The real reason that Wilson didn't have any choice was because of Germany's repeated renewal of their commitment to unrestricted submarine warfare. The German Navy demonstrated time and again that they were willing and able to disregard traditional rules re. noncombatants and civilian shipping (admittedly due to some compelling tactical limits of submarines themselves). This put Wilson in an untenable situation, as it would have done to ANY president in office at the time. To put it bluntly, the only way he could have avoided going to war with Germany would have been to forbid ALL American vessels, civilian or military, to enter or leave ANY foreign port for the duration of the war. That's a little much to ask, I think, and I'm not going to blame Wilson for his decision.

Heck, if you really want to blame him for any mistakes that hindsight reveals, you should jump on his failure to go to war promptly after the Lusitania's sinking in 1915, when public opinion was unified and the influx of US troops on the battlefield would have made a decisive difference, undoubtedly saving many lives by shortening the war.

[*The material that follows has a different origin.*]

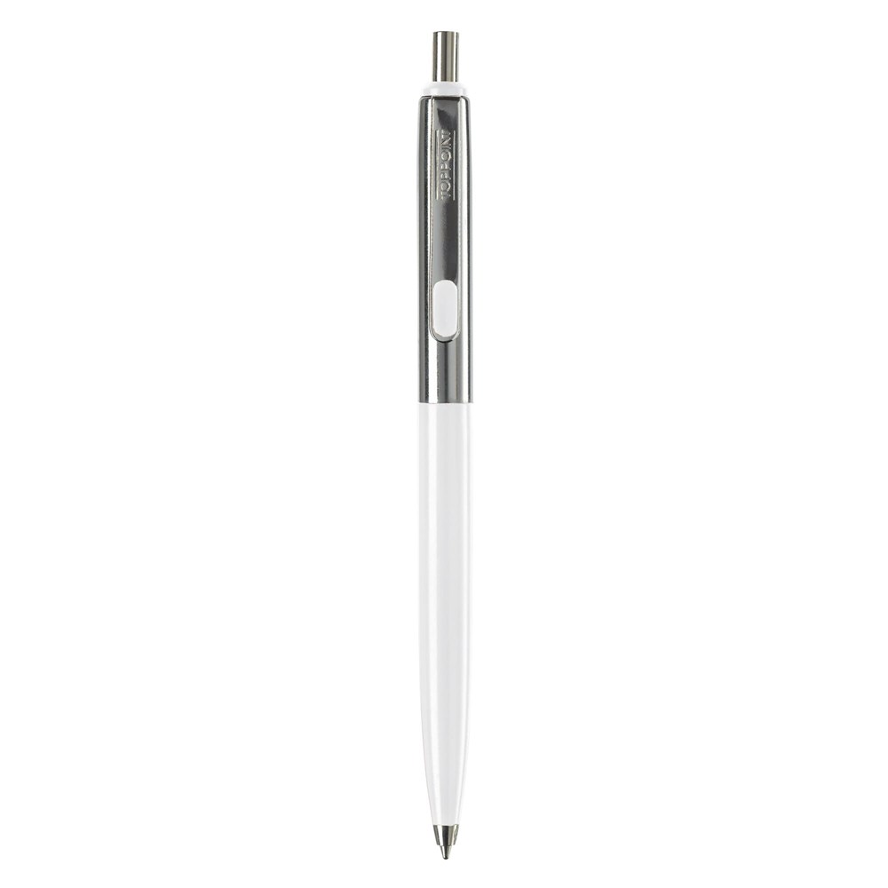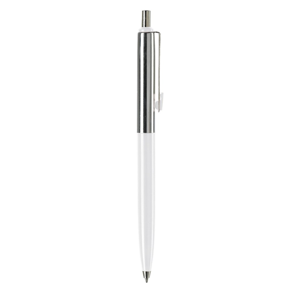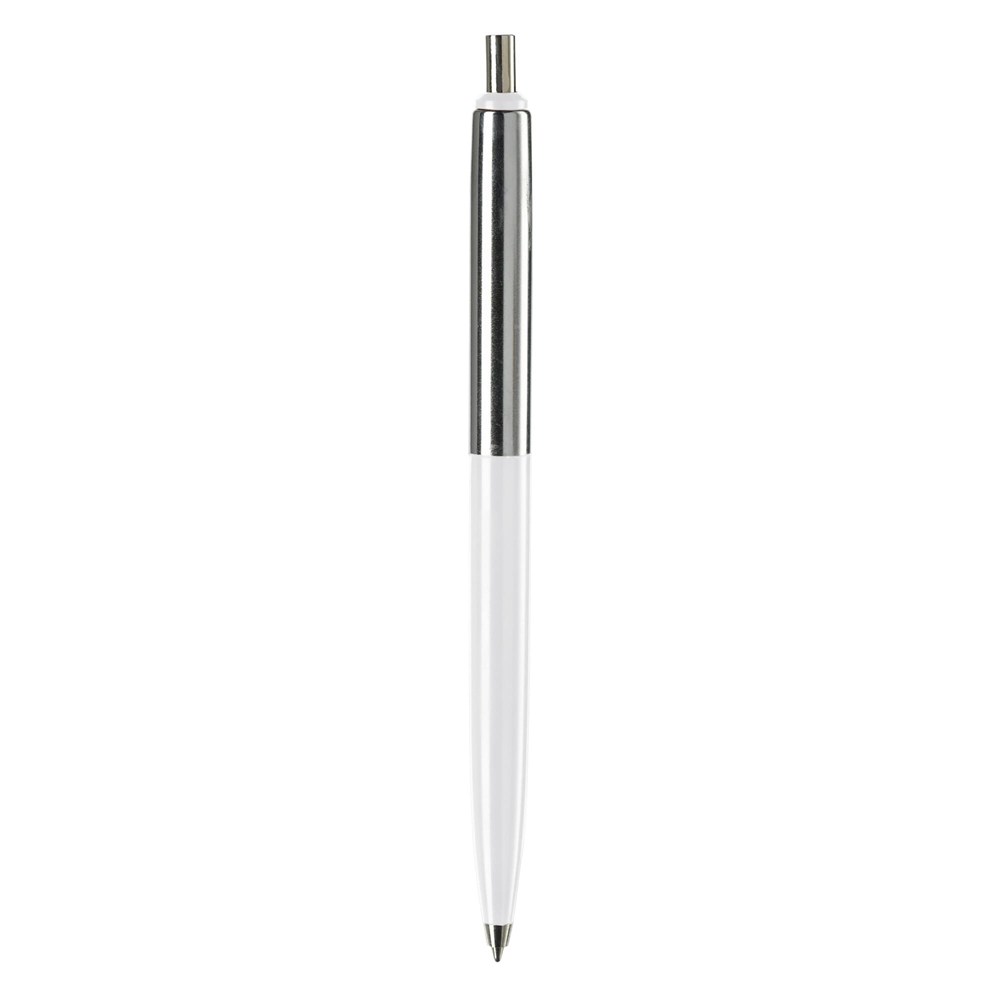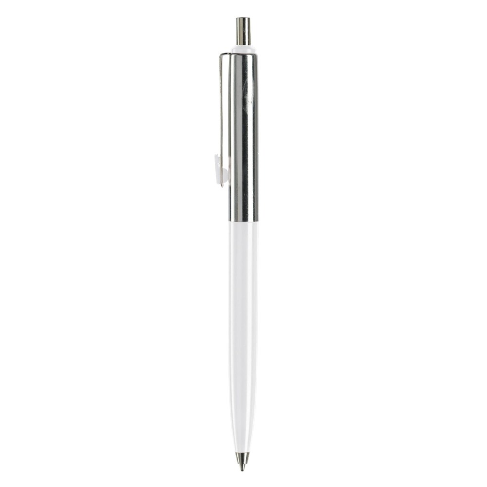 Klassischer Metallkugelschreiber. Farbige und verchromte Elemente. Blauschreibende Metallmine mit langer Schreibleistung.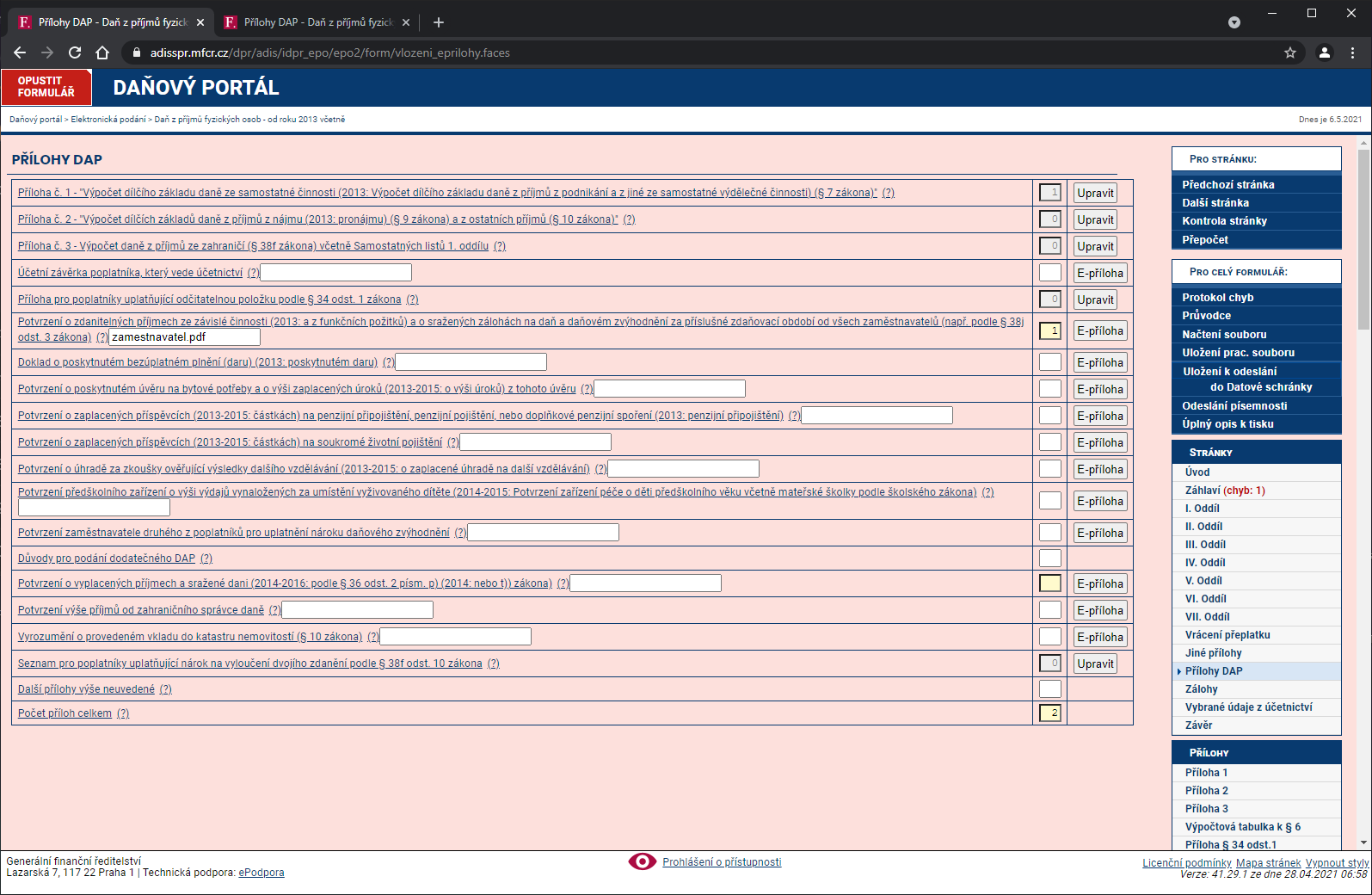 Dostávame sa k samotnému záveru, v mojom prípade stačí už len pripojiť k dokumentu prílohu Potvrdenie o zdaniteľných príjmoch zo závislej činnosti (to je dokument od zamestnávateľa, z ktorého sme vychádzali), inak máte hotovo, ak žiadne ďalšie prílohy pripájať nemusíte. Pomocou tlačidla E-príloha súbory nahráme. Vedľa prílohy máme aj polia, kde vložíme číslo 1 (ak sa tam nepridalo automaticky). Počet celkových príloh by mal byť u mňa 2:

Again, I'm not really that crazy about Wilson; lord knows I ain't happy about what happened to civil rights in this country during WWI, and I'm not really that familiar with his administration aside from the aspects dealing with the war. I just don't think its fair to call him "the worst president ever" because of a naive commitment to isolationism. He was a decent man who did an honest and sincere job to keep the country out of war and to restore peace to Europe. When he did commit the nation to war, it was because the alternative was simply not acceptable; let's not forget, also, that he didn't railroad the country against its will. Congress was overwhelmingly in support of his actions, and what political opposition was raised had very little to do with isolationism or pacifism.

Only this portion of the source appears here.